Autograding#
Creating an Autograding Assignment#
Warning
To get an Admin IDE, you must be a TA or Professor in at least one class. If you have not been added as a TA/Professor in Anubis, reach out to Anubis support to get the permissions you need.
The first thing you will want to do is open an Admin IDE. It will open to the github repo for your course where the autograde tests are saved. In the IDE you will want to open a terminal and initialize your new assignment with this command:
anubis assignment init 'assignment1' # replace assignment1 with name of your assignment
You will see some basic instructions printed out when you initialize your new assignment.

It is at this point that you have a template of an anubis autograde assignment. You can cd into the new directory the previous command created.
The boilerplate code itself has been generated, but the Anubis system does not know about it yet. To create the assignment on the system, you will want to run this command:
anubis assignment sync
Structure of Anubis Autograde Tests#
All Anubis autograde assignment tests follow exactly the same structure. You should only ever touch the
assignment.py
file. This is where you should write you assignment tests.
├── assignment.py # The file with the tests for your assignment
├── Dockerfile # Dockerfile for deploying image (install whatever extra software is needed)
├── utils.py # Module with some basic utility functions for autograding
├── meta.yml # Metadata about the assignment
├── test.sh # Script for debugging the assignment tests
└── pipeline.py # Script for running tests within pipeline (do not touch)
Editing the Metadata#
Warning
It is important to note that the name of the assignment is not how the Anubis system identifies the assignment. The
identifier is the value of unique_code
in meta.yml
. It is important to not change these unless you
understand what you are doing.
Some metadata for the assignment is stored in meta.yml
. The assignment name, and the course code for the assignment
are stored here. There are also two internal fields unique_code
and pipeline_image
that you should avoid
touching unless you know what you are doing.

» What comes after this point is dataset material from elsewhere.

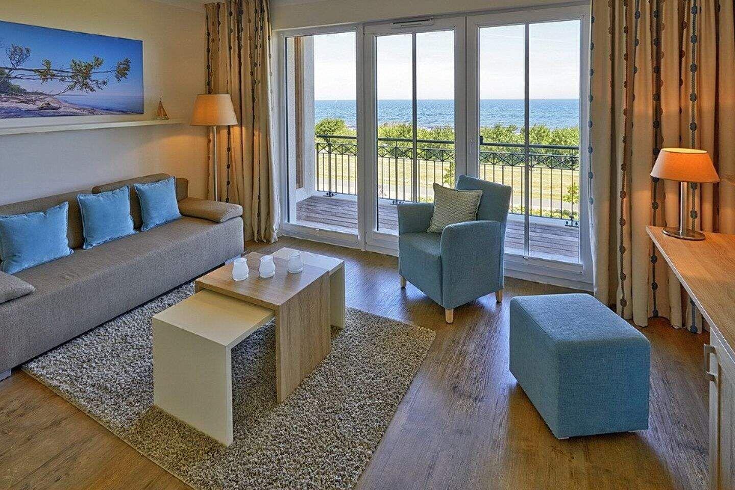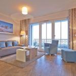 Die lichtdurchflutete Nichtraucher-Suite befindet sich in der 3. Etage und bietet auf 49 m² viel Platz für bis zu 4 Personen. Der gemütliche Wohnbereich besitzt ein bequemes Sofa, welches sich mit wenigen Handgriffen zu einer Doppelschlafcouch (1,40m x 2,00m) umfunktionieren lässt, und sorgt mit einem Flatscreen-TV für reichlich Entertainment.

As with any other changes, apply them to the system with:
anubis assignment sync
Warning
The name of the assignment will be overwritten if it has been changed in the main controls on sync.
Writing Autograde Tests#
Assignment tests go into assignment.py
. The generated boilerplate code for assignment tests
have a few examples already filled in.
There are two separate phases to an Anubis pipeline. A build phase, and then a series of tests are run. Both
are defined in python functions in the assignment.py
file.
Creating the build script#
Here is an example build script. Again, this goes in the assignment.py
file. It is simply a function with
a @register_build
decorator.
@register_build
def build(build_result: BuildResult):
stdout, retcode = exec_as_student('make xv6.img fs.img')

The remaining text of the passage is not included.